DATA BLOCK START

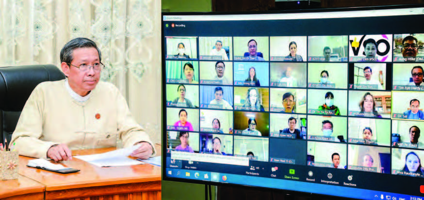 In sharing experiences concerning leadership roles to achieve good healthcare system under COVID-19 outbreak situations, Chairman U Win Thein highlighted such Myanmar’s experiences that Myanmar has comprised of National Central Committee on COVID-19 Prevention; Control and Treatment, and under the guidance of this Committee COVID-19 Prevention; Control and Emergency Response is monitoring and caring those people infected by coronavirus and relating contact persons; controlling processes on community quarantine if necessary, providing food; health care and motivation processes, outlining COVID-19 Economic Relief Plan (CERP) and its Action Plan to solve inadequate food and shelter issues; and unemployment problems, and implementing cooperation in ASEAN region grounded on the type of e-development form. And, there have success fully launched on “Training and Development in the Age of COVID-19 Challenges and Opportunities” and the “Building ASEAN Public Service Capabilities for the Future” through ASEAN Network of Public Service Training Institutes (PSTIs). He also shared the UCSB’s experiences on conducting the Basic Course for Junior Civil Service Officers delivering the lectures to 100 trainees at each Central Institute of Civil Service via online.
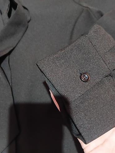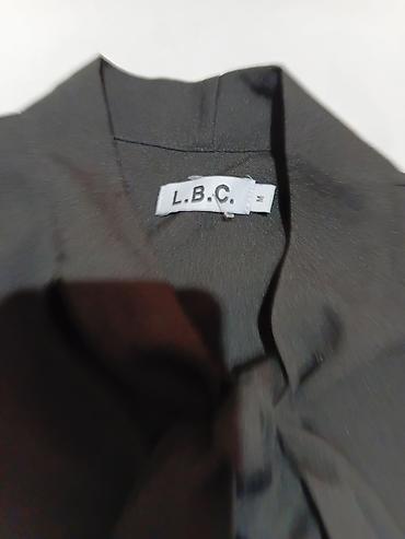 - Bluza: brend L.B.C., veličina M. Klasična crna bluza sa dugim rukavima i dekorativnom mašnom/vezom pri vratu. Jednostavna, profinjena linija koja lepo prati figuru; manžetne sa dugmetom.
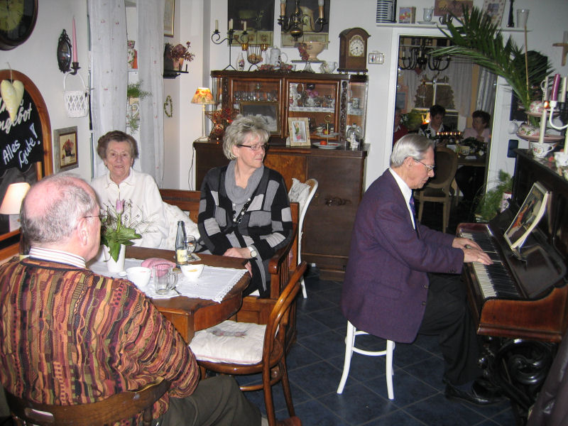 2011 Sonntag, 18.12.2011 Weihnachtliche Klaviermusik mit Gerhard von Harscher Freitag , 9.12.2011 Weihnachtliche Lesung mit Ewald Benecken am Samstag, 3.12.2011 spielt Norddeutschlands ältester Caféhauspianist, Gerhard von Harscher im Nostalgie Café auf unserem antiken Klavier von 1895. Gerhard von Harscher ist trotz seiner 90 Jahre noch aktiv als Klavierlehrer und lässt auf Zuruf die gewünschte Melodie auf dem Klavier erklingen. Russische, spanische oder italienische Lieder, Oper, Operette Musicals, aber auch Klassik und Schlager spielt er aus dem Stehgreif. Jetzt - in der Adventszeit wird wohl auch der eine oder andere weihnachtliche Klang ertönen.

DATA BLOCK END

■ PROBLEM REQUIREMENTS ■
Go through the listing above and write it out again exactly, dropping the pictures.

■ EXPECTED ANSWER ■
 In sharing experiences concerning leadership roles to achieve good healthcare system under COVID-19 outbreak situations, Chairman U Win Thein highlighted such Myanmar’s experiences that Myanmar has comprised of National Central Committee on COVID-19 Prevention; Control and Treatment, and under the guidance of this Committee COVID-19 Prevention; Control and Emergency Response is monitoring and caring those people infected by coronavirus and relating contact persons; controlling processes on community quarantine if necessary, providing food; health care and motivation processes, outlining COVID-19 Economic Relief Plan (CERP) and its Action Plan to solve inadequate food and shelter issues; and unemployment problems, and implementing cooperation in ASEAN region grounded on the type of e-development form. And, there have success fully launched on “Training and Development in the Age of COVID-19 Challenges and Opportunities” and the “Building ASEAN Public Service Capabilities for the Future” through ASEAN Network of Public Service Training Institutes (PSTIs). He also shared the UCSB’s experiences on conducting the Basic Course for Junior Civil Service Officers delivering the lectures to 100 trainees at each Central Institute of Civil Service via online.
 - Bluza: brend L.B.C., veličina M. Klasična crna bluza sa dugim rukavima i dekorativnom mašnom/vezom pri vratu. Jednostavna, profinjena linija koja lepo prati figuru; manžetne sa dugmetom.
 2011 Sonntag, 18.12.2011 Weihnachtliche Klaviermusik mit Gerhard von Harscher Freitag , 9.12.2011 Weihnachtliche Lesung mit Ewald Benecken am Samstag, 3.12.2011 spielt Norddeutschlands ältester Caféhauspianist, Gerhard von Harscher im Nostalgie Café auf unserem antiken Klavier von 1895. Gerhard von Harscher ist trotz seiner 90 Jahre noch aktiv als Klavierlehrer und lässt auf Zuruf die gewünschte Melodie auf dem Klavier erklingen. Russische, spanische oder italienische Lieder, Oper, Operette Musicals, aber auch Klassik und Schlager spielt er aus dem Stehgreif. Jetzt - in der Adventszeit wird wohl auch der eine oder andere weihnachtliche Klang ertönen.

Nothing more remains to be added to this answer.